Speed Control Based on ESO for the Pitching Axis of Satellite Cameras

1Department of Precision Machinery and Precision Instrumentation, University of Science and Technology of China, Hefei 230027, China
2Key Lab of Electric and Control of Anhui Province, Anhui Polytechnic University, Wuhu 241000, China
3Changchun Institute of Optics, Fine Mechanics and Physics, Chinese Academy of Sciences, Changchun 130033, China

Received 20 November 2015; Revised 19 February 2016; Accepted 13 March 2016

Academic Editor: Mingcong Deng

Copyright © 2016 BingYou Liu et al. This is an open access article distributed under the Creative Commons Attribution License, which permits unrestricted use, distribution, and reproduction in any medium, provided the original work is properly cited.

Abstract

The pitching axis is the main axis of a satellite camera and is used to control the pitch posture of satellite cameras. A control strategy based on extended state observer (ESO) is designed to obtain a fast response speed and highly accurate pitching axis control system and eliminate disturbances during the adjustment of pitch posture. First, a sufficient condition of stabilization for ESO is obtained by analyzing the steady-state error of the system under step input. Parameter tuning and disturbance compensation are performed by ESO. Second, the ESO of speed loop is designed by the speed equation of the pitching axis of satellite cameras. The ESO parameters are obtained by pole assignment. By ESO, the original state variable observes the motor angular speed and the extended state variable observes the load torque. Therefore, the external load disturbances of the control system are estimated in real time. Finally, simulation experiments are performed for the system on the cases of nonload starting, adding external disturbances on the system suddenly, and the load of system changing suddenly. Simulation results show that the control strategy based on ESO has better stability, adaptability, and robustness than the PI control strategy.

1. Introduction

Pitching axis is an important axis of the posture control system of a satellite camera. The control system of pitching axis adopts a three-loop servo control system: the current loop, speed loop, and position loop. The disturbances of the speed loop are greater than those in the other two loops. Therefore, the speed loop should be controlled in real time to achieve good performances for the control system of the pitching axis. This paper uses an extended state observer (ESO) in the speed loop control system to obtain good performances.

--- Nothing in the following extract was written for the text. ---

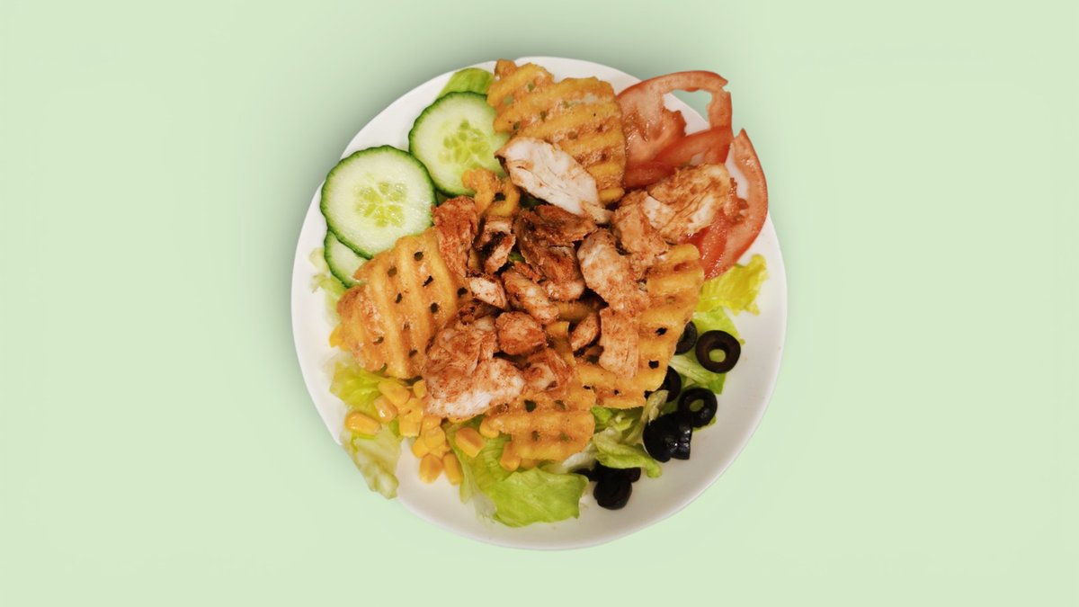 Chicken, Fries, Eisberg, Tomaten, Gurken, Oliven, Mais und Sauce.

A control strategy based on ESO was first presented in [1]. The main idea of the control strategy is to extend the disturbance that influences the output of the controlled object into a new state and establish an observer to observe this state by using a special feedback method. The control strategy is a good control method for solving the problem of uncertain nonlinear system. The control strategy has various features, such as high-control accuracy, fast response speed, and good robust performance, and does not rely on the model of a controlled object. Therefore, this control strategy is widely used in the field of aeronautics and astronautics, precision machinery, modern weapon systems, and so on.

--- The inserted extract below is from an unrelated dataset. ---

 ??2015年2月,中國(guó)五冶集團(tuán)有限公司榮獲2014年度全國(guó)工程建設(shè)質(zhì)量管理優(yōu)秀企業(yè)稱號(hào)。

Extensive research on the application of ESO has been conducted locally and internationally and has shown some achievements. For example, Yang and Huang [2] analyzed the capability of ESO in estimating uncertainty. Wang et al. [3] proved the second-order nonlinear stability of ESO by the Lyapunov function. Shao et al. [4] not only extended the ESO from continuous space to discrete space but also presented the discrete linear specific form and stability analysis of ESO. Wang and Deng [5] proposed an operator-based robust nonlinear multivariable tracking control for a manipulator with uncertainties by using a robust right coprime factorization approach and discussed the robust stability in the presence of model uncertainties. Deng and Bu [6, 7] discussed the robust control for nonlinear feedback system with unknown perturbations based on the robust right coprime factorization. These research results have been widely used in engineering practice. For example, Hasanzadeh et al. [8] used ESO in the frequency control of the multiregion load and obtained better anti-interference ability than the traditional method. Lin et al. [9] designed a rotor flux observer based on ESO to solve the problem of rotor resistance uncertainty. Shi and Chang [10] designed a time-optimal control strategy based on ESO and integrated it into an accurate point-to-point movement system. Chan et al. [11] used ESO into two-degree-of-freedom control system of mechanical arms. Compared with a traditional controller, the unique advantages of ESO are embodied in the following aspects. ESO was compared with a sliding mode observer in [12], and the results showed that the upper bound of the interference does not need to be known. However, chattering phenomenon exists in the output of the sliding mode observer. ESO was compared with a high-gain observer in [13] and was used to estimate the unobservable and extended states of the system according to the system input and output. A set of mature experience formulas is available for reference during the parameter setting of ESO. A setting method for ESO parameters was presented in [14].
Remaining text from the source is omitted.